Nothing defines love, or for that matter allows you to experience love in its elemental sense, than bittersweet separation, and its conjoined twin, anticipation, and all that this Punch and Judy team does to your heart.
What would my friend’s cigarette, smoked in solitude, in that pure moment of missing someone, entail today? Would he stop mid-puff to send her an emoji-filled text? Would his smoke be interrupted by a selfie from her accompanied by kissy faces? Or worse still, would it be shattered with a call, barely a second after their goodbyes?
What would I have done if my own parting had happened now? Instead of writing weekly letters in longhand or waiting for the monthly one-hour tapes of her life in cold, distant Boston, would we have video-called each other three times a day? Would I have hooked up a webcam that connected her classroom to my big-screen TV so I didn’t miss a thing? How would my separation from her in an inaccessible land be any different from my friend’s separation from his girl who lived no more accessibly a street away?

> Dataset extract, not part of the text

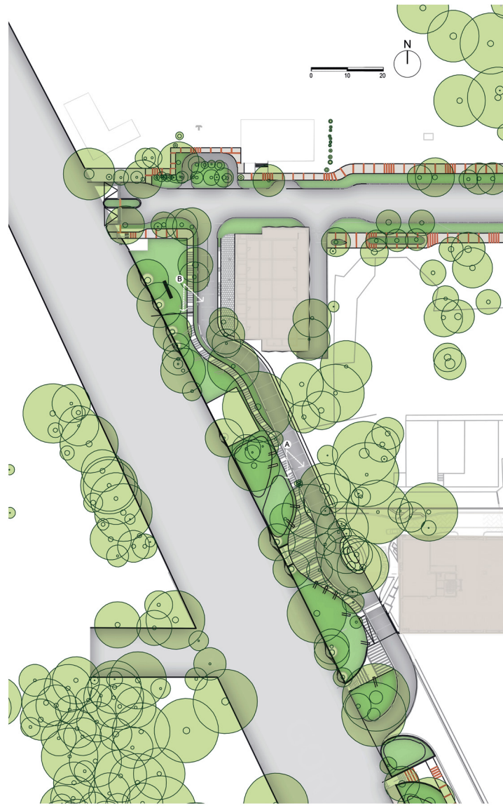
The Service Road in Vadodara

directions of traffic and also at places splitting the three lanes, more trees could be retained. The biggest hurdle in this design was a magnificent row of rain-trees nearly 25 metres tall, which lay perpendicular to the access road. For this reason, the access road lanes were split up and laid at different grades, so that the road could cut across the row of trees without having to cut a single tree.

Talking of love and longing in a larger sense, in today’s world, what would match the thrill of watching Star Wars at Safire, after waiting in a sweaty queue that went right up to the theatre’s gates – a full two years after it had become a worldwide phenomenon? Would I not know everything about this movie, as I lay in bed watching something else, while it was playing simultaneously in theatres in New York and Nanganallur even before the first show ended?

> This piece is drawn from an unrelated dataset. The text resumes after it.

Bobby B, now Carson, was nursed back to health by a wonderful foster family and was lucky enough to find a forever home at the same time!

What about the only copy of Robert Ludlum’s The Matarese Circle at the lending library that we had to wait for and quickly pass on to the next friend on the waiting list? Or the mix-tapes we made, a combination of all the sentimental hits of the previous year, meticulously curated to melt the hardest-hearted Stella Marian?
Where is the separation from a loved one, the waiting for the next meeting, the longing for a voice, the unavailability of a desired object? Or the anticipation and the irreplaceable thrill of delayed gratification – those most primeval of human emotions, nay, needs – in these days of zero distance, instant access and unlimited choices?
How can you know love unless you miss someone? How can there be poetry without longing? Or desire when there is no waiting? How can the heart grow fonder without absence? Where is that uninterrupted cigarette today that my friend experienced?
And what has this done to us, a species that has been stripped of its ability to love the way we have been loving over millennia – slowed down by time, separated by distance, defeated by unavailability, thwarted by nature’s obstacles and frustrated by the laws of physics?
Is it because we have forgotten how to love truly that we have so eagerly embraced its opposite? Perhaps it is because today’s so-called tools of progress have blunted our power to experience intense love of any kind; it is to tell ourselves we are alive, and still possess the ability to feel, that we have learnt to hate easily, quickly, and with all our hearts.